2. Amlodipine: A calcium channel blocker. It works by blocking calcium influx into smooth muscles cells of the wall

of blood vessels. As a result, vasoconstriction is inhibited and thus reducing the blood pressure.

3. Aphasia[2]: Difficulty in using language. It is categorised into four main types:

• Expressive aphasia – patients know what to say, but are having trouble saying what they mean.
• Receptive aphasia – patients are having difficulty making sense of the words or diagrams.
• Anomic aphasia – patients are facing problems recalling words, names or numbers. (“speaking in a

roundabout way”)

• Global aphasia – patients cannot speak, understand speech, read, or write. It is the combination of

expressive and receptive aphasia.

4. Pack year: unit for measuring the smoking history of a person as to be used in risk factor estimation.

1 pack year= 20 cigarettes per day.

Formula: No. of pack year =

5. Equivocal plantar response: normal and consistent plantar reflex of both legs. Plantar reflex is a reflex elicited

when the sole of the foot is stimulated with a blunt instrument. The toes flex as a

result. This is to disregard the Babinski sign (the toes extend and fans out), which

indicating the presence of spinal cord injury.

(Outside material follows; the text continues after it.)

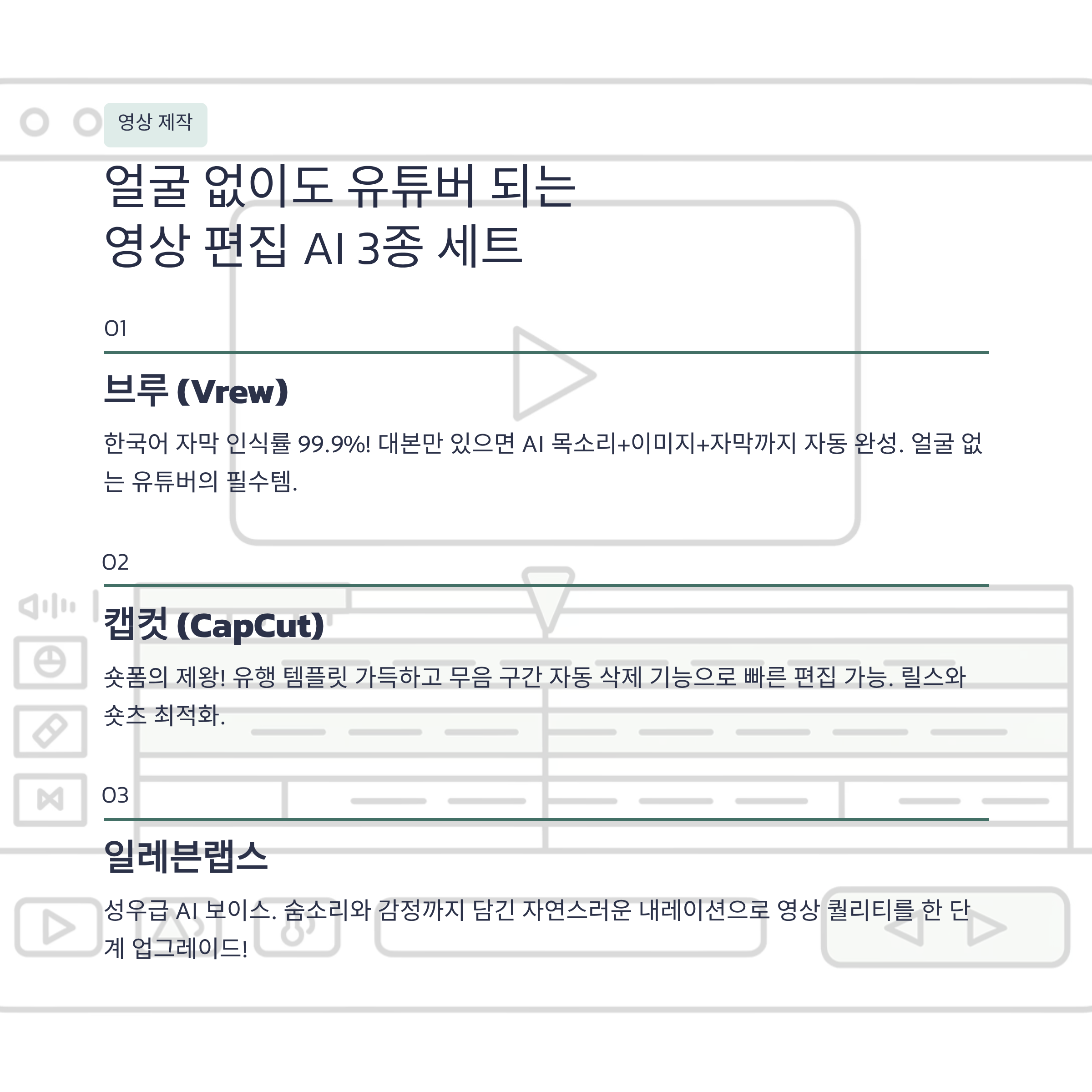얼굴 나오기 부담스럽거나, 편집 기술이 없어도 유튜버가 될 수 있습니다.

1. Describe the blood supply of the brain.

The brain constitutes just about 2% of the body weight but demands 20% of the available oxygen and 15% of the cardiac output[3]. Blood is supplied to the brain via two sets of branches from the dorsal aorta, which forms the anterior and posterior circulations. The anterior circulation supplies the forebrain and the deep structures such as the basal ganglia, thalamus, and internal capsule entering through the carotid canal and foramen lacerum by making a stepwise turn; whereas the posterior circulation supplies the structures of the posterior fossa (posterior cortex, midbrain, cerebellum and brainstem) entering the skull cavity through the foramen magnum.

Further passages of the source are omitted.